The solution is to run on a non-display-attached GPU and if you are on Windows, use the TCC driver. Otherwise, you will need to reduce the number of trials in your kernel and run the kernel multiple times to compute the number of trials you need.
EDIT: According to the CUDA 4.0 curand docs(page 15, "Performance Notes"), you can improve performance by copying the state for a generator to local storage inside your kernel, then storing the state back (if you need it again) when you are finished:
curandState state = states[i];
for(k = 0; k < trials; k++){
x = curand_uniform(&state);
y = curand_uniform(&state);
z =(x*x + y*y);
if (z <= 1.0f) incircle++;
}
Next, it mentions that setup is expensive, and suggests that you move curand_init into a separate kernel. This may help keep the cost of your MC kernel down so you don't run up against the watchdog.

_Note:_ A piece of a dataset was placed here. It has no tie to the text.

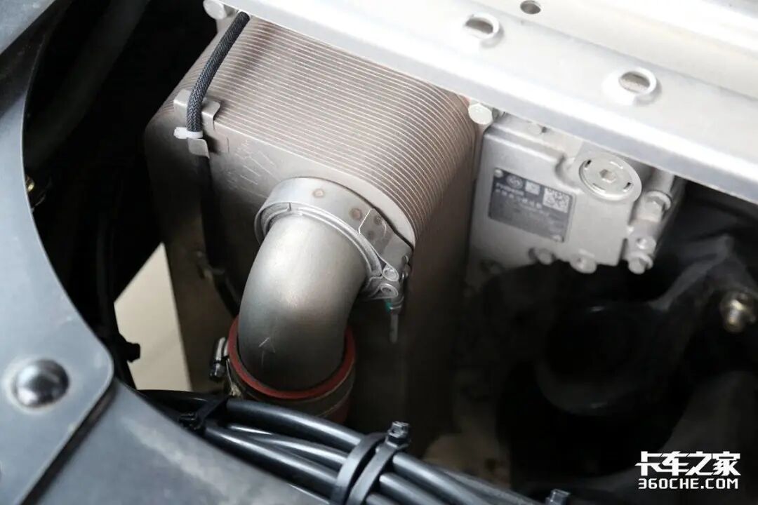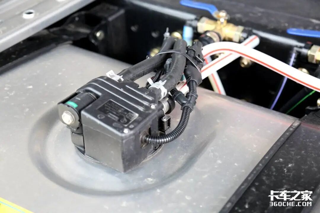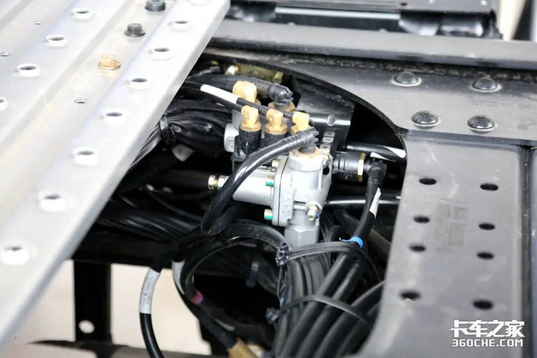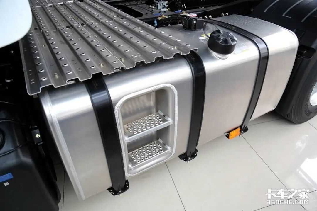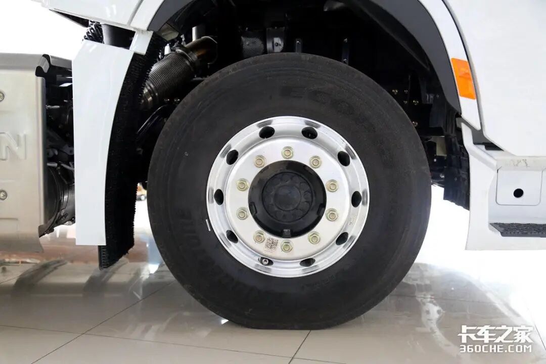 底盘附件区域,左右油箱容积共计1000升,两侧油箱带有水循环加热功能,在外界低温环境下无惧车辆冷启动困扰,并且标配尺寸为295/80R22.5的普利司通低滚阻轮胎,全车可选铝合金车轮用于整车降重。

I recommend reading that section of the docs, there are several useful guidelines.
For those of you having a geforce GPU which does not support TCC driver there is another solution based on:
http://msdn.microsoft.com/en-us/library/windows/hardware/ff569918(v=vs.85).aspx
start regedit,
navigate to HKEY_LOCAL_MACHINE\System\CurrentControlSet\Control\GraphicsDrivers
create new DWORD key called TdrLevel, set value to 0,
restart PC.
Now your long-running kernels should not be terminated. This answer is based on:
Modifying registry to increase GPU timeout, windows 7
I just thought it might be useful to provide the solution here as well.